• **What you need to do**:
Go through the listing below and retype exactly the lines starting at the one with "Leták doplňující sérii" and ending at the one with "news JP 曽崎重之) |", skipping pictures.

• **Provided records**:
....................
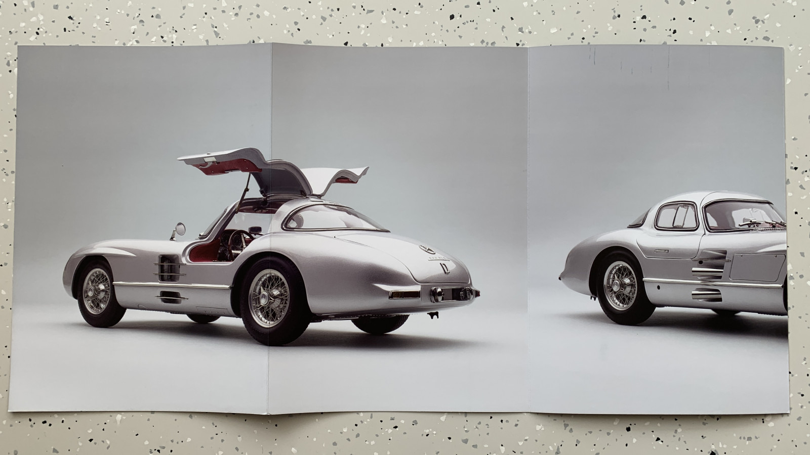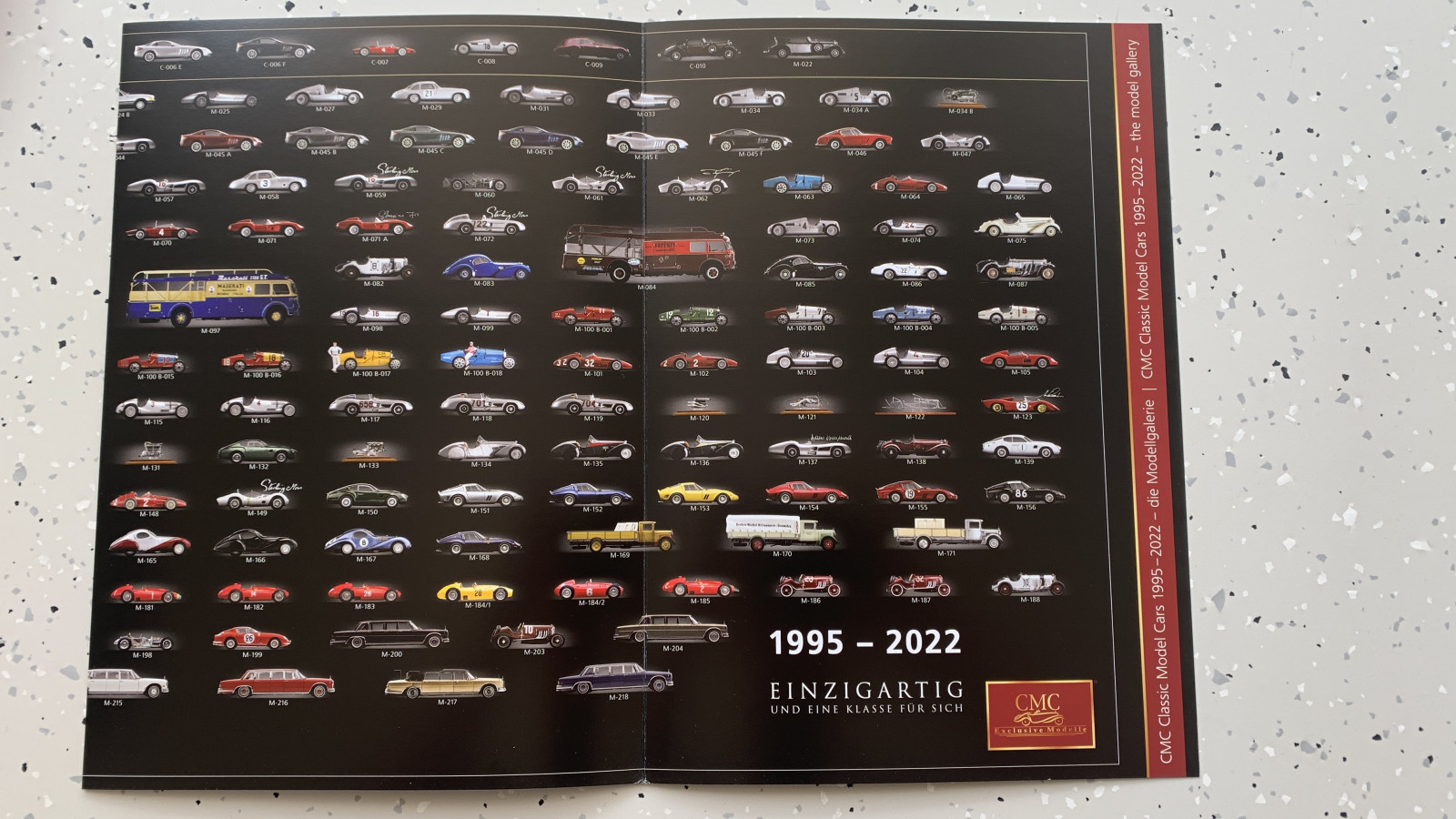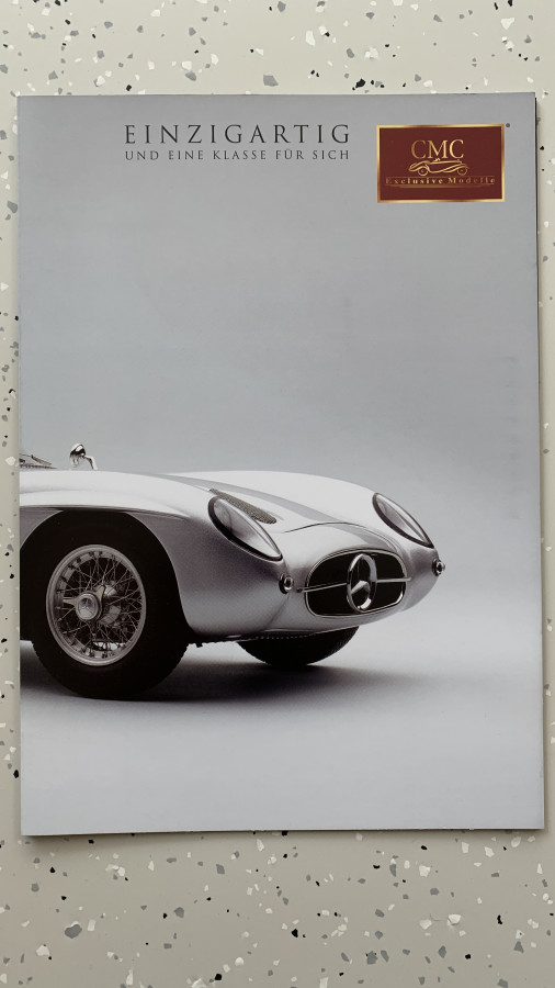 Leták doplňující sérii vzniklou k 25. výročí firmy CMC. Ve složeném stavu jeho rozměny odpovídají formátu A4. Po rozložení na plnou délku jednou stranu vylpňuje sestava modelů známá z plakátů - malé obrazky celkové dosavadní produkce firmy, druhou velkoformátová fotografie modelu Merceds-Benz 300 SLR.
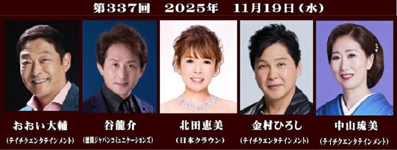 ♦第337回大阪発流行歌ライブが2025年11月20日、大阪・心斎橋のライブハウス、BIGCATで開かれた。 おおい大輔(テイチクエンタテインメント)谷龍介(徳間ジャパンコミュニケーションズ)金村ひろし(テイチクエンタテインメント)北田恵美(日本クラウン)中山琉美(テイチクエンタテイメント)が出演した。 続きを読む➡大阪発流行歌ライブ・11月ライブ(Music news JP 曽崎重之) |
....................
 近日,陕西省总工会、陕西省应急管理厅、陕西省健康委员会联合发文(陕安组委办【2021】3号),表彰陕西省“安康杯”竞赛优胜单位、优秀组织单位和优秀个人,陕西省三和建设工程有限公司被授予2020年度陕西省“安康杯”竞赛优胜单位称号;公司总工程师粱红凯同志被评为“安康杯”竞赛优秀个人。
....................
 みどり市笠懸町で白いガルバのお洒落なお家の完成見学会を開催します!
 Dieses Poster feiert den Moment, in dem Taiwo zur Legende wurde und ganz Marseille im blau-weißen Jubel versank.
....................
• **Task solution**:
 Leták doplňující sérii vzniklou k 25. výročí firmy CMC. Ve složeném stavu jeho rozměny odpovídají formátu A4. Po rozložení na plnou délku jednou stranu vylpňuje sestava modelů známá z plakátů - malé obrazky celkové dosavadní produkce firmy, druhou velkoformátová fotografie modelu Merceds-Benz 300 SLR.
 ♦第337回大阪発流行歌ライブが2025年11月20日、大阪・心斎橋のライブハウス、BIGCATで開かれた。 おおい大輔(テイチクエンタテインメント)谷龍介(徳間ジャパンコミュニケーションズ)金村ひろし(テイチクエンタテインメント)北田恵美(日本クラウン)中山琉美(テイチクエンタテイメント)が出演した。 続きを読む➡大阪発流行歌ライブ・11月ライブ(Music news JP 曽崎重之) |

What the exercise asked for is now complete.